Ridge keeps the relationship linear—every input has a dollar coefficient—while its L2 penalty prevents unstable weights when several HR variables overlap (e.g., seniority, salary, and job level).
Libraries Required
- pandas # data wrangling
- numpy # numeric helpers
- matplotlib.pyplot # quick EDA (optional)
- scikit‑learn # preprocessing, RidgeCV, metrics
- joblib # save the trained model
Dataset Link
Step-by-Step Code Implementation
1. Import Libraries
import pandas as pd import numpy as np import matplotlib.pyplot as plt from sklearn.model_selection import train_test_split from sklearn.preprocessing import OneHotEncoder, StandardScaler from sklearn.compose import ColumnTransformer from sklearn.pipeline import Pipeline from sklearn.linear_model import RidgeCV from sklearn.metrics import r2_score, mean_absolute_error import joblib
2. Load the Kaggle data
df = pd.read_csv("Employee.csv") # file from the Kaggle zip
print(df[['Employee ID', 'Training Cost']].head())
The Employee/HR Dataset (All‑in‑One) includes columns such as:
| field | sample values |
| Training Cost | 1 350 USD (target) |
| Department | Sales / HR / IT |
| Job Level | Senior / Mid / Entry |
| Location | New York / Berlin … |
| Tenure_Yrs | 3.4 |
| Salary_USD | 72 000 |
| Training Hours | 28 |
| Performance Band | Excellent / Good / Needs Improvement |
| High_Potential | 0 / 1 |
3. Set up numeric and categorical feature groups
Puts salary (tens of thousands) and training hours (tens) on comparable variance, so Ridge’s penalty treats them evenly.
num_cols = ['Tenure_Yrs', 'Salary_USD', 'Training Hours']
cat_cols = ['Department', 'Job Level', 'Location',
'Performance Band', 'High_Potential']
target = 'Training Cost'
X = df[num_cols + cat_cols]
y = df[target]
4. Build the preprocessing + Ridge pipeline
- Cross‑validated Ridge searches over α values, delivering the simplest model (in bias–variance terms) without manual tuning
- Converts categorical HR factors—department, job level, location—into binary flags; dropping the first level avoids perfect multicollinearity.

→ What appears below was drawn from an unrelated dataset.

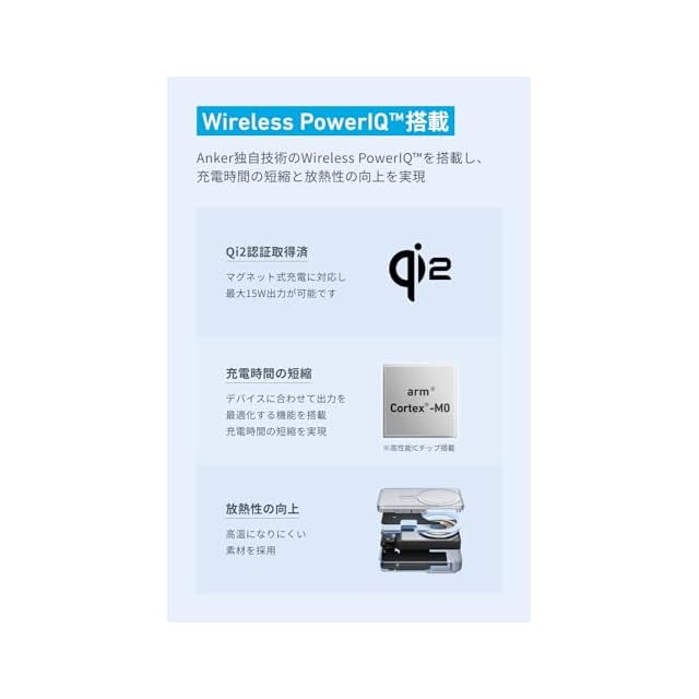Wireless PowerI搭載:Anker独自のWireless PowerIを搭載し、充電時間の短縮と放熱性の向上を実現。

preproc = ColumnTransformer([
('cat', OneHotEncoder(drop='first', handle_unknown='ignore'), cat_cols),
('num', StandardScaler(), num_cols)
])
ridge = RidgeCV(alphas=[0.1, 1, 10, 50, 100], cv=5)
model = Pipeline([
('prep', preproc),
('ridge', ridge)
])
5. Train/test split and model fitting
X_train, X_test, y_train, y_test = train_test_split(
X, y, test_size=0.2, random_state=42, shuffle=True)
model.fit(X_train, y_train)
6. Evaluate hold‑out performance
pred = model.predict(X_test)
print(f"Chosen α (L2) : {model.named_steps['ridge'].alpha_}")
print(f"Test‑set R² : {r2_score(y_test, pred):.3f}")
print(f"Test‑set MAE : ${mean_absolute_error(y_test, pred):,.0f}")
7. Understand the dollar drivers
A +$420 coefficient on Training Hours (per σ) quantifies how much each extra one‑standard‑deviation of hours lifts cost. A −$350 weight on Department_HR signals HR programmes tend to be cheaper than the baseline department.
# combine one‑hot names with numeric names
ohe = model.named_steps['prep'].named_transformers_['cat']
ohe_names = ohe.get_feature_names_out(cat_cols)
feature_names = np.concatenate([ohe_names, num_cols])
coefs = pd.Series(model.named_steps['ridge'].coef_, index=feature_names)\
.sort_values()
print("\nCost reducers (most negative weights):")
print(coefs.head(6))
print("\nCost adders (most positive weights):")
print(coefs.tail(6))
Because all numeric predictors were z‑scored, each numeric coefficient reads as USD change for a one‑standard‑deviation increase; one‑hot flags show the dollar offset relative to the reference category.
8. Persist the model for HR dashboards
Salary, tenure, and job level are partially collinear; Ridge shrinks coefficients toward zero, yielding more stable, generalisable estimates while staying linear.
joblib.dump(model, "ridge_employee_training_cost.pkl")
Summary
This workflow turns raw HRIS tables into an explainable employee‑training cost forecaster:
- Early‑stage budgeting: Finance can project next‑quarter L&D spend before enrolments close.
- Transparent levers: every coefficient is a dollar impact tied to a policy knob (hours, salary band, high‑potential flag).
- Sturdy baseline: any future gradient‑boosted or causal model must beat this Ridge MAE and remain interpretable for HR leadership.